_EXERCISE REQUIREMENTS:_ Your job is to print, exactly, the lines in the data below from the line with "ويتضح من التصنيف" through the line with "美脚 スカート L 40", both included, and to omit any picture.

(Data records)
============================================================
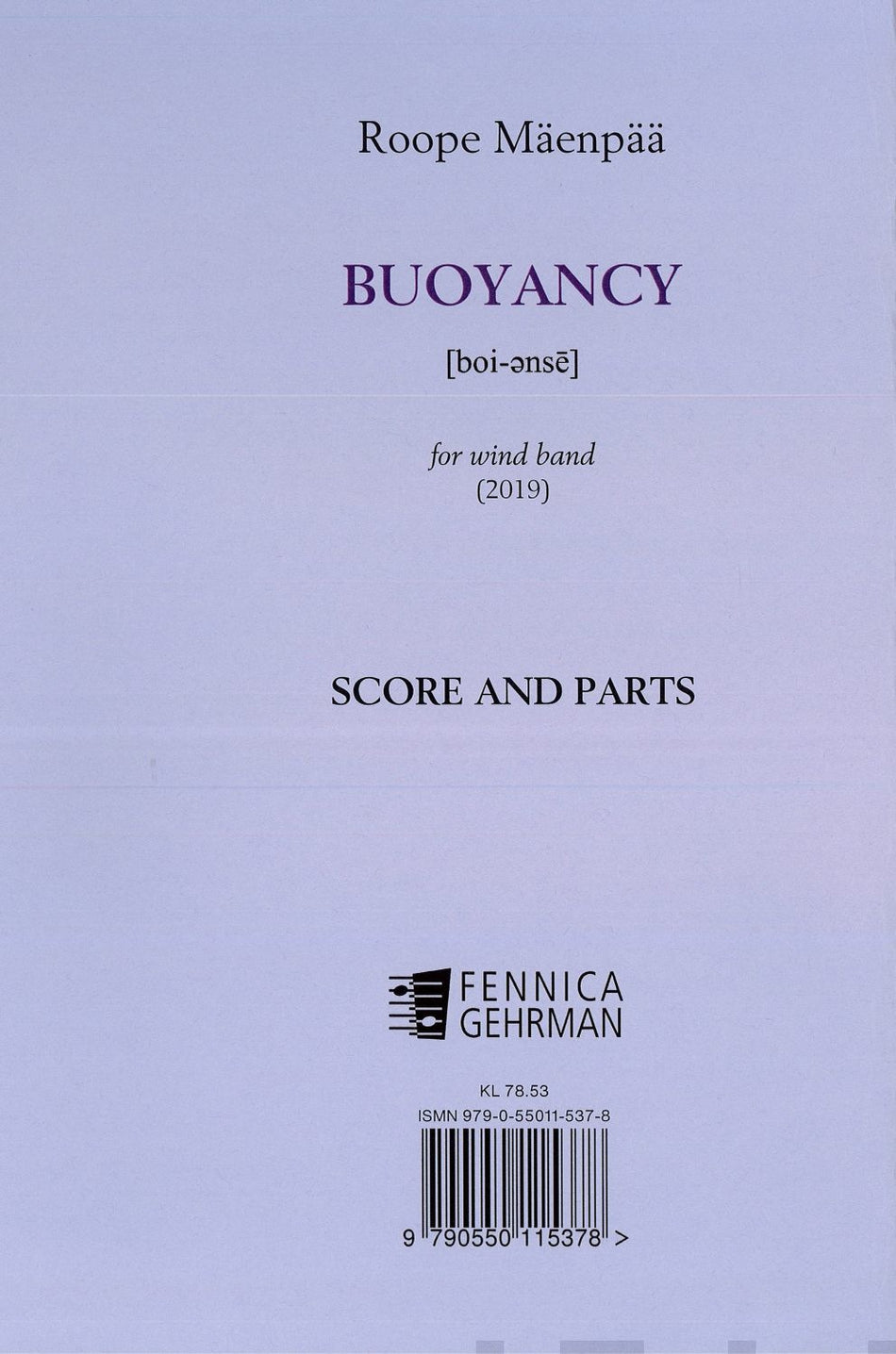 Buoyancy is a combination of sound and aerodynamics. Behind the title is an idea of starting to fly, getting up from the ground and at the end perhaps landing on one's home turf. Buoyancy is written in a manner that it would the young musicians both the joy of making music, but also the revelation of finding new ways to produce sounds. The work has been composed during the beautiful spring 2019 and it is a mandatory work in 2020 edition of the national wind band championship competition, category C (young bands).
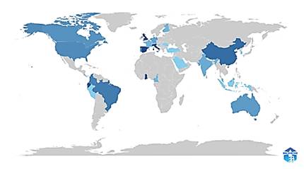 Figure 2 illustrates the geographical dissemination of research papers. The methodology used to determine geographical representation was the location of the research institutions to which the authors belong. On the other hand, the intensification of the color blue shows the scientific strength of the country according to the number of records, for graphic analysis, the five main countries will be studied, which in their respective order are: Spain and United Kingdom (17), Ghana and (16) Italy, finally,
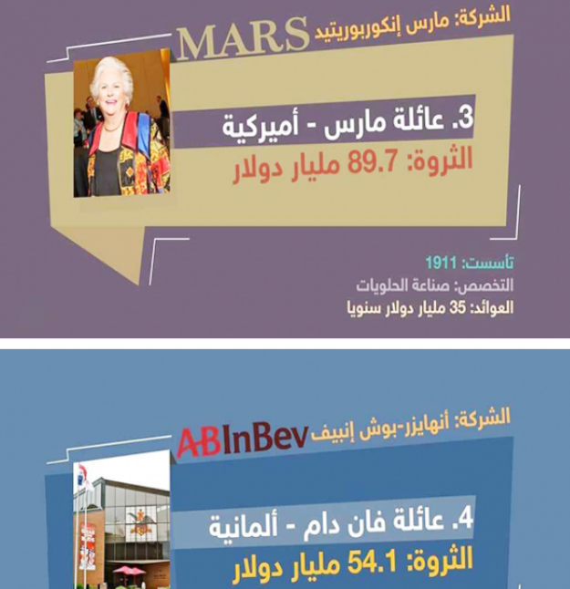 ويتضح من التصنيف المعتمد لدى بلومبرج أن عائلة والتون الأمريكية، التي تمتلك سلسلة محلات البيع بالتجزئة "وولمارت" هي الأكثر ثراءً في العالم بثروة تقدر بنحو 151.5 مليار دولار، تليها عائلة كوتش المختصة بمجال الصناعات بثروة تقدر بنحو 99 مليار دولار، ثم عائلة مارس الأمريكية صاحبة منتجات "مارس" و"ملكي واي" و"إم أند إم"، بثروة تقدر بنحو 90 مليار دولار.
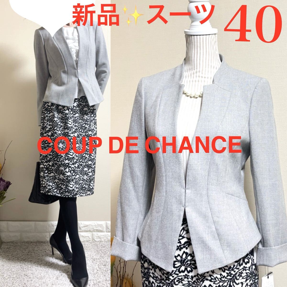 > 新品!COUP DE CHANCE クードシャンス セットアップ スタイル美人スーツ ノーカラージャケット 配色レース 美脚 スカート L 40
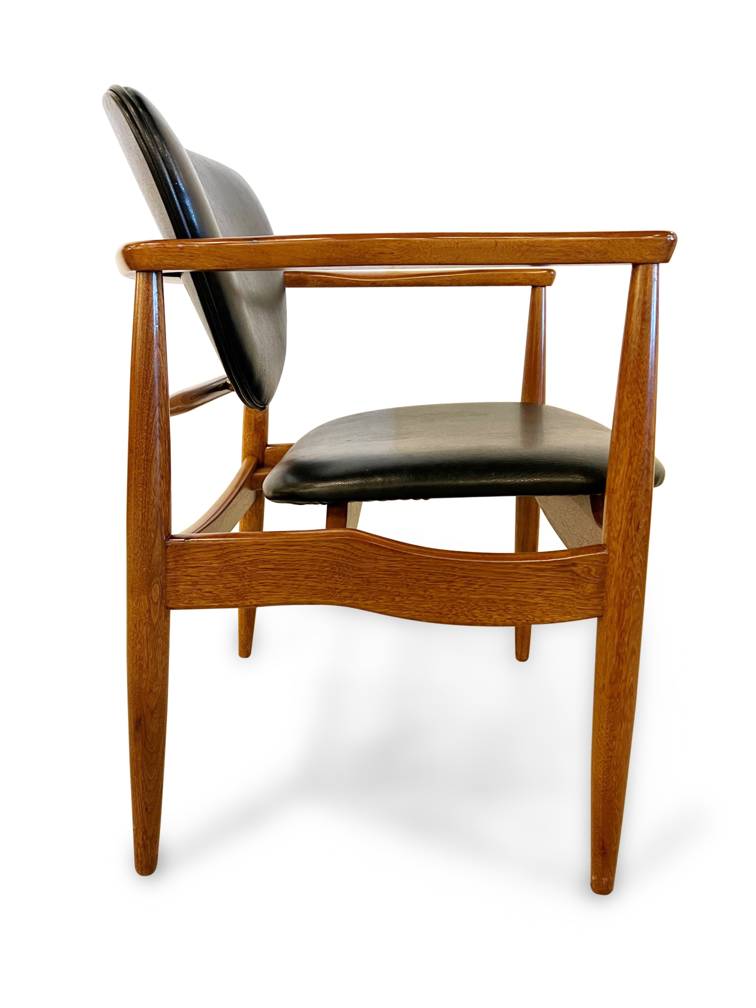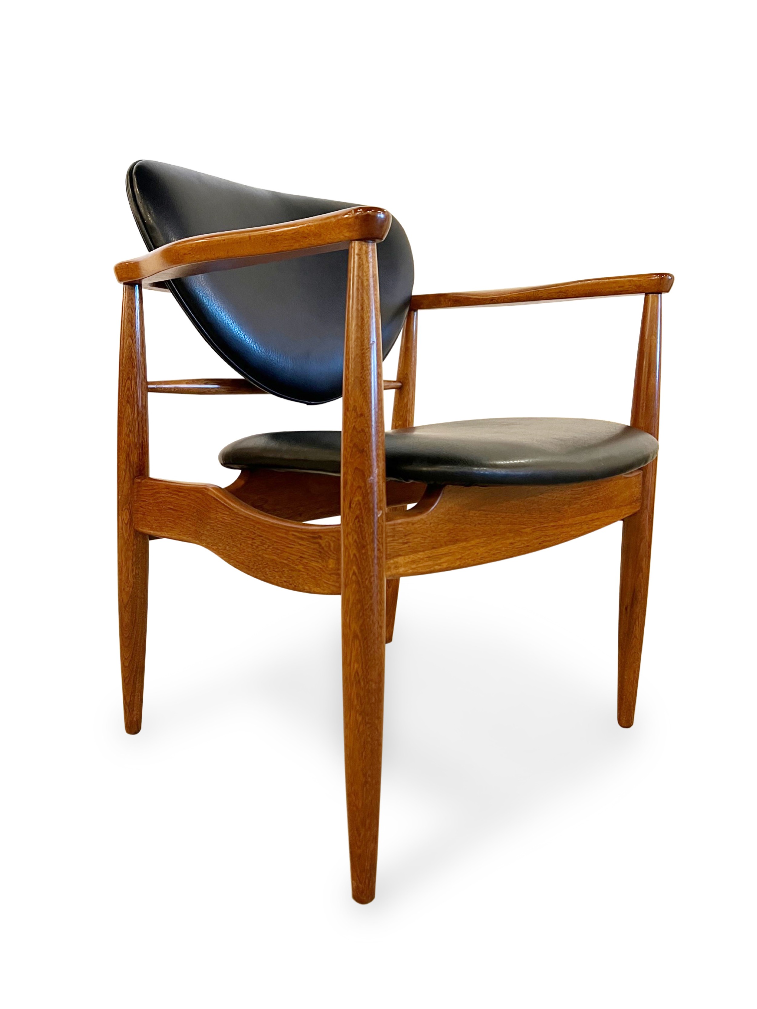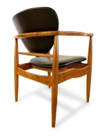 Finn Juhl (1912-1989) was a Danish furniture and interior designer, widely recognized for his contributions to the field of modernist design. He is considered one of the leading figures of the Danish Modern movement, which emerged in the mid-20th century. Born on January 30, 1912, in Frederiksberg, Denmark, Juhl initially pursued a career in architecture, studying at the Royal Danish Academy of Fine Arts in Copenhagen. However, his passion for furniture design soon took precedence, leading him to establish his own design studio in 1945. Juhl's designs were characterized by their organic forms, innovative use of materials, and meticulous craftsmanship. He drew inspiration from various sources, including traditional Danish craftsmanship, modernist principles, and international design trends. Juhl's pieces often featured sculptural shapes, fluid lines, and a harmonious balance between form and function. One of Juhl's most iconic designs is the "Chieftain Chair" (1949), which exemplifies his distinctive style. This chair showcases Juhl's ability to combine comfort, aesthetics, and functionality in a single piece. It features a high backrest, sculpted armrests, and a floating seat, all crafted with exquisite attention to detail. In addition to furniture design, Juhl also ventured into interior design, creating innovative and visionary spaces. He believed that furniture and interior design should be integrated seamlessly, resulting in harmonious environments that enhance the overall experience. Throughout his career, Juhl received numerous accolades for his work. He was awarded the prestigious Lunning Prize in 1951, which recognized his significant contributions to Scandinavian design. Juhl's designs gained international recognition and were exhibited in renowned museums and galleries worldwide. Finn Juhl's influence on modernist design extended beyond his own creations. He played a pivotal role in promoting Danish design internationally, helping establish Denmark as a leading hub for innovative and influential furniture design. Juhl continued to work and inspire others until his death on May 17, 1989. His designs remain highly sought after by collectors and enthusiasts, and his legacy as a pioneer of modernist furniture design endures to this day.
============================================================
_FINAL ANSWER:_
 ويتضح من التصنيف المعتمد لدى بلومبرج أن عائلة والتون الأمريكية، التي تمتلك سلسلة محلات البيع بالتجزئة "وولمارت" هي الأكثر ثراءً في العالم بثروة تقدر بنحو 151.5 مليار دولار، تليها عائلة كوتش المختصة بمجال الصناعات بثروة تقدر بنحو 99 مليار دولار، ثم عائلة مارس الأمريكية صاحبة منتجات "مارس" و"ملكي واي" و"إم أند إم"، بثروة تقدر بنحو 90 مليار دولار.
 > 新品!COUP DE CHANCE クードシャンス セットアップ スタイル美人スーツ ノーカラージャケット 配色レース 美脚 スカート L 40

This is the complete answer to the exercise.